RealTime 1994-2000 online for the first time

Keith Gallasch

We’ve scanned the 40 print editions of RealTime’s first six years, making available online a fascinating record of a period of wildly intensive creativity, new and fervent preoccupations, humour and angry arts politics. And lots of great writing.

This is a brief introduction to those editions. You can turn to them when reading Virginia Baxter’s Making art in heavy weather: Indigenous performance 1994-2000 and Katerina Sakkas’ Highly charged connections: Visual arts 1994-2004. In each, editions and page numbers are clearly indicated. Look out for coming instalments of our archive overview series, including one on the art politics of the 1990s.

The PDFs of editions 1-40 (1994-2000) are each searchable and, significantly, preserve the look of the magazine. For a long time, we were limited to one-spot colour throughout, black and white photographs and ink that imprinted itself on readers’ hands. A plan to provide a pair of white gloves with each copy never came to fruition. You can read an account of the early years of RealTime that we penned for our 10th birthday, describing how we worked and detailing the staff and contributing editors so significant to RealTime’s growing reach in this period.

In some ways the early RealTime was quite different from the magazine of 2001-2017. Art in the period 1994-2000 was very fluid with cross-artform practices that had evolved in the 1980s becoming more prevalent. This was one of the principal reasons we established the magazine, to draw public attention to innovative emerging and established artists, although our second edition revealed tensions between older performance artists and younger contemporary performance makers at the Ivan Dougherty Gallery and The Performance Space’s 25 Years of Performance Art (RT2, p9-11) held in May 1994.

In the spirit of the times RealTime content wasn’t initially divided into artform sections though we gradually succumbed under pressure from advertisers in particular, but without ever surrendering our focus on the interplay between practitioners and forms. In 1996 we formally brought film and media arts into the fold with our 12-page OnScreen supplement, though we had covered these regularly from our very first edition.

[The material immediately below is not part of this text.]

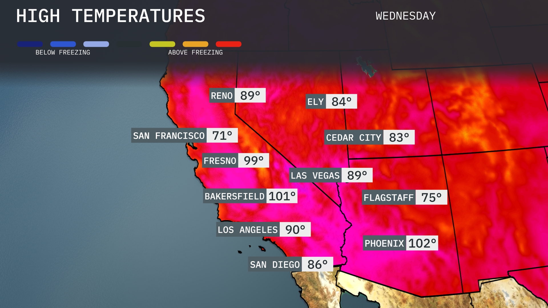 Tomorrow, Bakersfield will soar to a sizzling 101 degrees, making it one of the hottest spots in California. Fresno isn’t far behind, with a high reaching 99 degrees. In Las Vegas, expect a warm day with temperatures peaking at 89 degrees, while Phoenix will hit a remarkable 102, well above average for this time of year. Farther west, San Diego is looking at a pleasant 86 degrees.
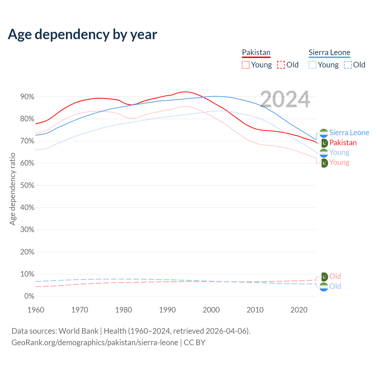 - The share of old-age demographic (65+) in Pakistan is 4.28% vs 3.24% in Sierra Leone.

As well as previews and reviews there were epic editorials about contentious issues, copious listings and brief film, CD and book reviews. And there was humour from novelist Bernard Cohen and our back pages sports columns: Tee Off with the mysterious Vivienne Inch who viewed the world of arts politics through the eyes of a keen (alleged) golfer, and Tooth & Claw with Jack Rufus (a team of two arts scholars incisively applying art principles to football, soccer and cricket). We’ll soon run a selection of the best of Cohen, Tee Off and Tooth & Claw.

We hope you’ll enjoy browsing editions 1-40 whether you read them at the time or they’re a new experience of an era that seems to us now at RealTime even more diverse and spirited than we remembered.